The future of European competitiveness

Is Eurosclerosis again threatening the economy and forestalling a recovery?

The question is this: how can European countries - suffocating under unmanageable sovereign debt, massive youth unemployment, and political gridlock - compete in a ruthless survival-of-the-fittest world economy?

“When we speak of competitiveness, we are actually speaking of imagination - the imagination to re-think our economy,” says Jean-François Copé, government minister and current leader of the opposition UMP party in France. “We have to find a way to control public spending and this is more important than even reducing debt because it can prove we can do better with less.”

Copé and other international political and business leaders joined INSEAD faculty for a series of panel discussions at the INSEAD Global Business Leaders Conference in Paris on July 6, 2012.

Motivation by crisis

“Europe will be OK because Europe is only motivated when there are difficulties, and things are so difficult today there is no way to escape,” declares Thierry Breton, former French Minister of  the Economy, Finance and Industry and head of France Telecom/Orange and now chairman of Atos.  But he cautions, “France has doubled its public debt in the past decade and is still increasing borrowing. These debt levels put France at great risk to market gyrations. The next decade will be the most difficult for Europe.”

Being competitive today encompasses more than just creating new products or services. Markus Christen, Associate Professor of Marketing at INSEAD, says providing broader solutions to customers is another way forward: “Rolls Royce no longer just makes jet engines; it sells 'power by the hour'. Air Liquide does not just sell liquid oxygen but the whole process of producing frozen foods. And Syngenta sells planted rice fields to countries, not just seeds - it's solutions these companies are selling.”

It’s also about how and where you deploy your resources, as that depends on more than just the semblance of saving money. Jim Hagemann Snabe, co-CEO of German business software maker SAP, was blunt: “It costs SAP five times more to hire a German technology worker than one in India. Does that mean if we hire five Indians instead of one German, we get more productivity? No. You don't go to India for cheap labour; you go there for the talent.”

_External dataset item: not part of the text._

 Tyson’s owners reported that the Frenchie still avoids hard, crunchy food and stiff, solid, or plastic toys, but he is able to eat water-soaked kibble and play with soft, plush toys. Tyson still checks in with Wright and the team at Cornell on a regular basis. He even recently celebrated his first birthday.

Young European talent, however, is largely to be found in the unemployment lines these days. They also feel disenfranchised politically, according to a panel of young entrepreneurs. Mads Jensen, CEO and co-founder of Sefaira, said, “I believe that more young people would be willing to go into politics if the institutions were able to do something other than protecting the status quo - until that happens I don't think it makes a difference who is in power.”

Save vs spend

INSEAD Deputy Dean of Faculty & Research Ilian Mihov, who is also a macroeconomist who studied at Harvard under U.S. Federal Reserve chairman Ben Bernanke, says Europe can surmount these problems by removing barriers to new business creation and warned against a continuation of economic stimulus packages. “You cannot create growth by printing money to put into the economy,” he warned, “you only create inflation.”

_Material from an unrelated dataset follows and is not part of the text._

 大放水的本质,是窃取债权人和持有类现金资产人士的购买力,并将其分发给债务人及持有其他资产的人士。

Acting Dean of INSEAD and Professor of Strategy Peter Zemsky added an ominous historical note to highlight the downside of incessant cutbacks: “Germany is still traumatised by inflation…We should keep in mind the post-WWI Treaty of Versailles and the effect austerity had on Germany at that time.”

How does the rest of the world view the situation in Europe? David Arkless, president of corporate and government affairs at Manpower, said the Chinese look at Europe and see demographic decline because of immigration restrictions; a failure to educate the next generation for the job requirements of the future; overly rigid social protections; and chronic under-investment.

Concisely put, the conditions for competitiveness in Europe today can be fostered by reducing public spending, creating a flexible labour system and modernising the social system. It’s a challenge but it can be met, according to Copé, “By very small steps… to get people to trust again in the future - to get people to believe and talk about competitiveness.”